3Dino Ferrari Centre, Department of Neurological Sciences, University of Milan, IRCCS Ospedale
Maggiore Policlinico, Mangiagalli and Regina Elena Foundation, Via F. Sforza 35, 20100 Milan,
Italy.
4Department of Biomedical sciences and Technologies LITA Segrate, University of Milan, Via F.lli
Cervi 93, 20090 Milan, Italy.
5Don C. Gnocchi ONLUS Foundation IRCCS, Via Capecelatro 66, 20148 Milan, Italy.
Corresponding author: Sironi, M. ([email protected])
Methods
Environmental variables
Protozoa absence/presence matrices for the 21 countries where HGDP-CEPH populations are
located were derived from the Gideon database (http://www.gideononline.com) as previously
described [1-3]. The diversity of viruses, bacteria and helminths was obtained following the same
procedure as for protozoa. Malaria prevalence was obtained from either the Gideon or WHO
(http://www.who.int) databases in terms of cases/year per 100,000 inhabitants. In general, the
number of autochthonous cases per country obtained from Gideon was averaged over all available
surveyed years (which often differ among countries). We considered, when available, historical
notes; for example, information in Gideon indicated that due to eradication campaigns, Italy was
declared malaria-free in 1970; therefore only surveys dating before that period were included. As
for WHO data (WHO Global Health Atlas), the total number of reported malaria cases was
averaged over a time period ranging from 1989 to 2003 (information is not available for every
single year in all countries). Total population estimates per country (in 2005) were derived from the
WHO. All climatic variables were retrieved from the NCEP/NCAR database
(http://www.ngdc.noaa.gov/ecosys/cdroms/ged_iia/datasets/a04/, Legates and Willmott Average,
re-gridded dataset or CDC Derived NCEP Reanalysis Products Surface Level) using the geographic
coordinates reported by HGDP-CEPH (http://www.cephb.fr/en/hgdp/table.php) for each population.

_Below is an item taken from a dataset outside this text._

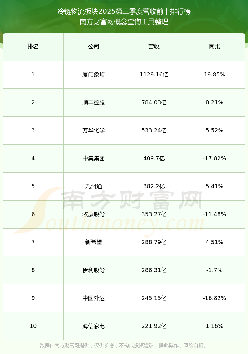 按照南方財富網概念查詢工具統(tǒng)計,該股所屬板塊為冷鏈物流板塊,該板塊共有146只股票,暢聯(lián)股份2025第三季度營收在該板塊中排名為第114名,該板塊2025第三季度營收排名前十的股票如下表:
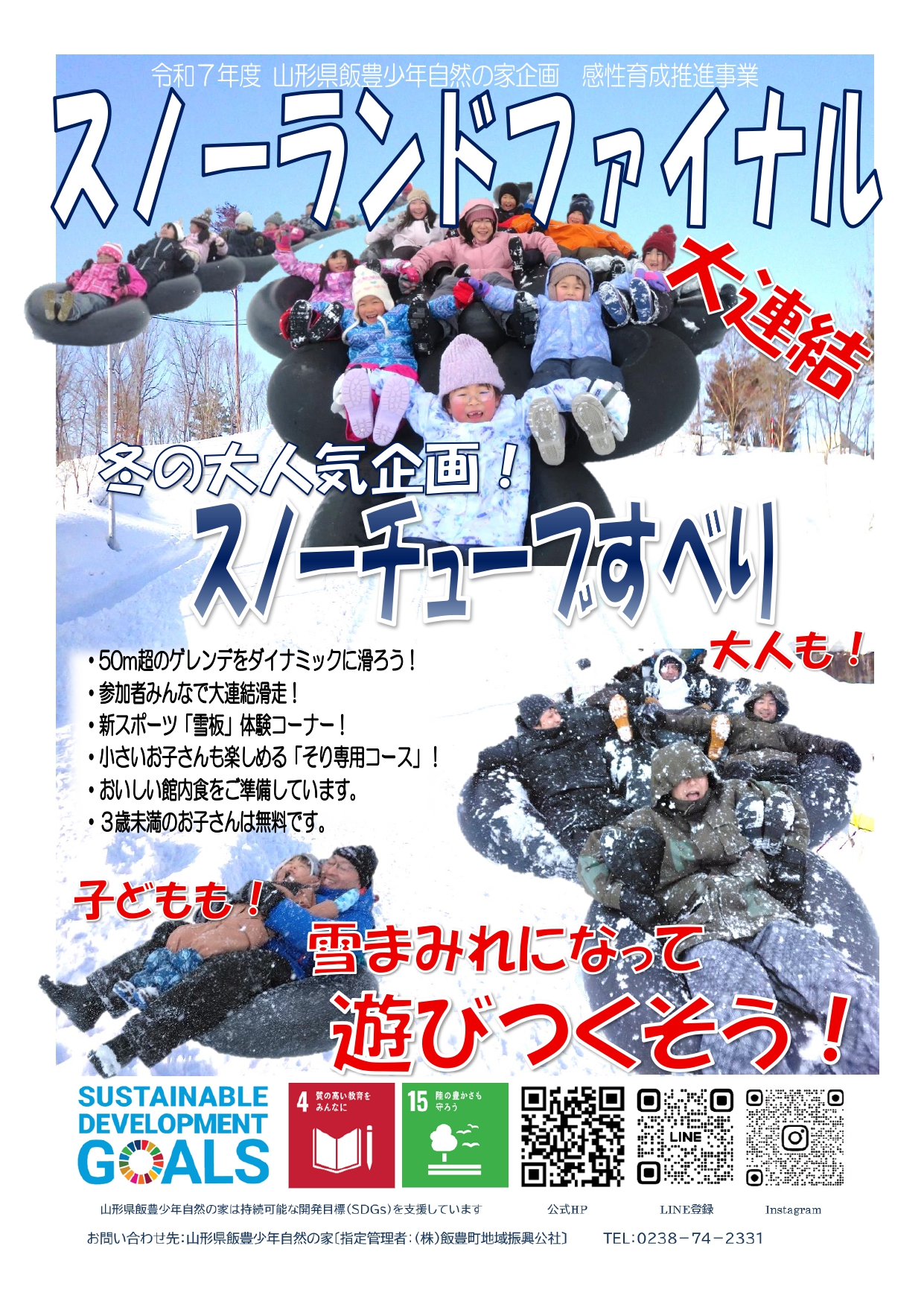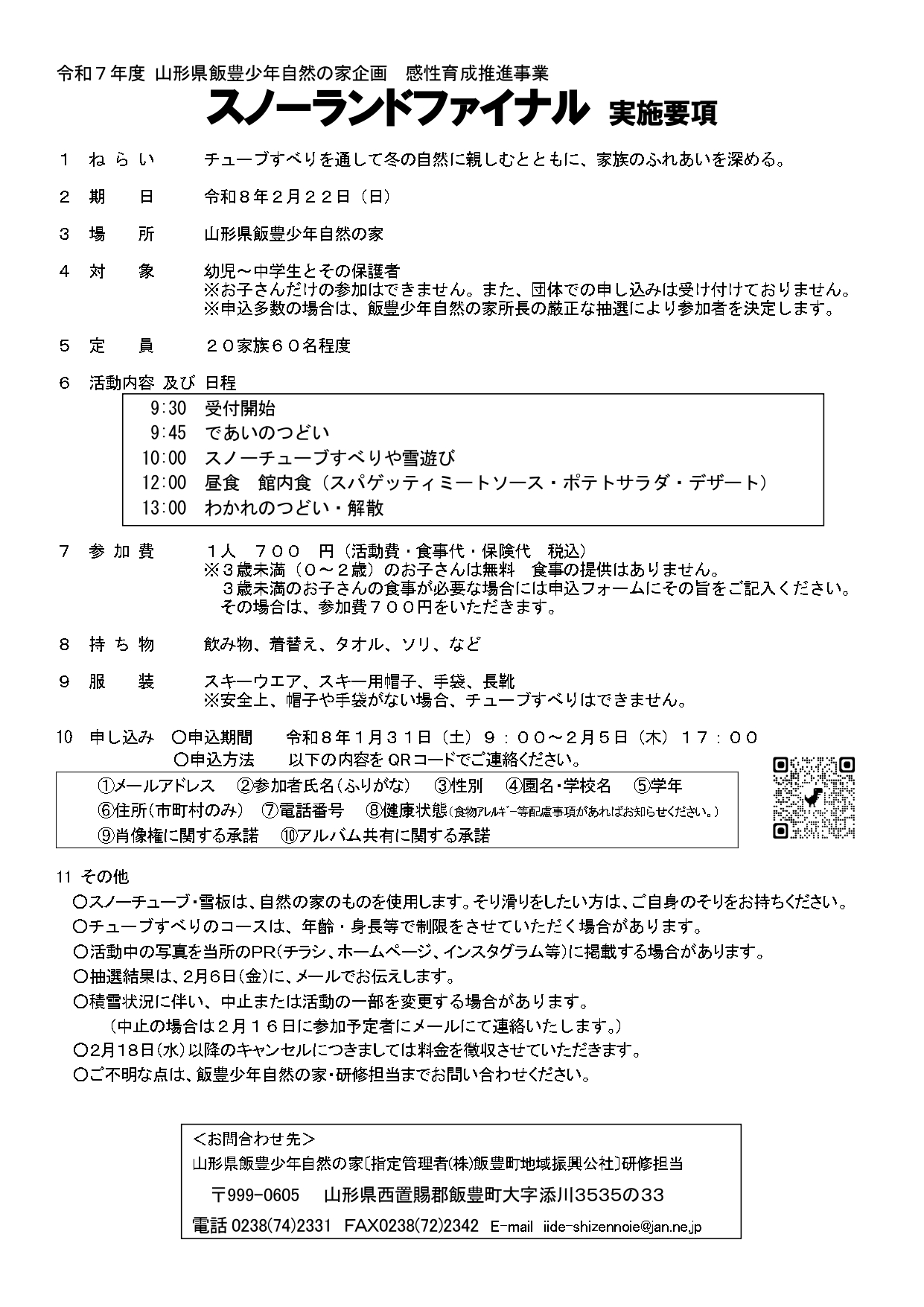 【開催日時】令和8年2月22日 【場所】山形県飯豊少年自然の家 【連絡先】0238-74-2331 【申込締切】1月31日(土)9:00~2月5日(木)17:00

Since malaria prevalence and protozoa diversity, due to data organization in available
epidemiological databases, can only be calculated per country (rather than per population), the same
procedure was applied to climatic variables. Therefore the values of climatic variables were
averaged for populations located in the same country. This assures that a similar number of ties is
maintained in all correlation analyses.
Data retrieval and statistical analysis
Data concerning the HGDP-CEPH panel (Table S1) derive from a previous work [4]. Atypical or
duplicated samples and pairs of close relatives were removed [5]. Following previous indications
[2,3], Bantu individuals (South Africa) were considered as one population.
A SNP was ascribed to a specific gene if it was located within the transcribed region or no farther
than 500 bp upstream the transcription start site. In analogy to previous studies [2,3], MAF for any
single SNP was calculated as the average over all populations.
The malaria resistance gene list (Table S2) includes loci with a strong evidence of influencing
susceptibility to the disease (i.e. genes identified in single association studies were not included)
and were retrieved from a previous review [6] and by inspection of the On Line Mendelian
Inheritance in Man web site (http://www.ncbi.nlm.nih.gov/omim, OMIM #611162) with the
inclusion of PKLR [7]. HA genes were obtained from by manually inspecting OMIM entries.
All correlations were calculated by Kendall's rank correlation coefficient (τ), a non-parametric
statistic used to measure the degree of correspondence between two rankings. The reason for using
this test is that even in the presence of ties, the sampling distribution of τ satisfactorily converges to
a normal distribution for values of n larger than 10 [8]. Partial Mantel tests were performed using
the “Vegan” R package [9]. Matrices were computed as pairwise euclidean distances in allele
frequency, in geographic distance and in pathogen (protozoa or bacteria or viruses or helminths)
diversity or malaria prevalence (either from the WHO or Gideon). Geographic distances were
derived from a previous work [10] and refer to a model of human migration from East Africa (the
postulated origin of modern humans); geographic distances are computed as the shorter distances
along landmasses and avoiding mountain regions with altitude over 2000 m.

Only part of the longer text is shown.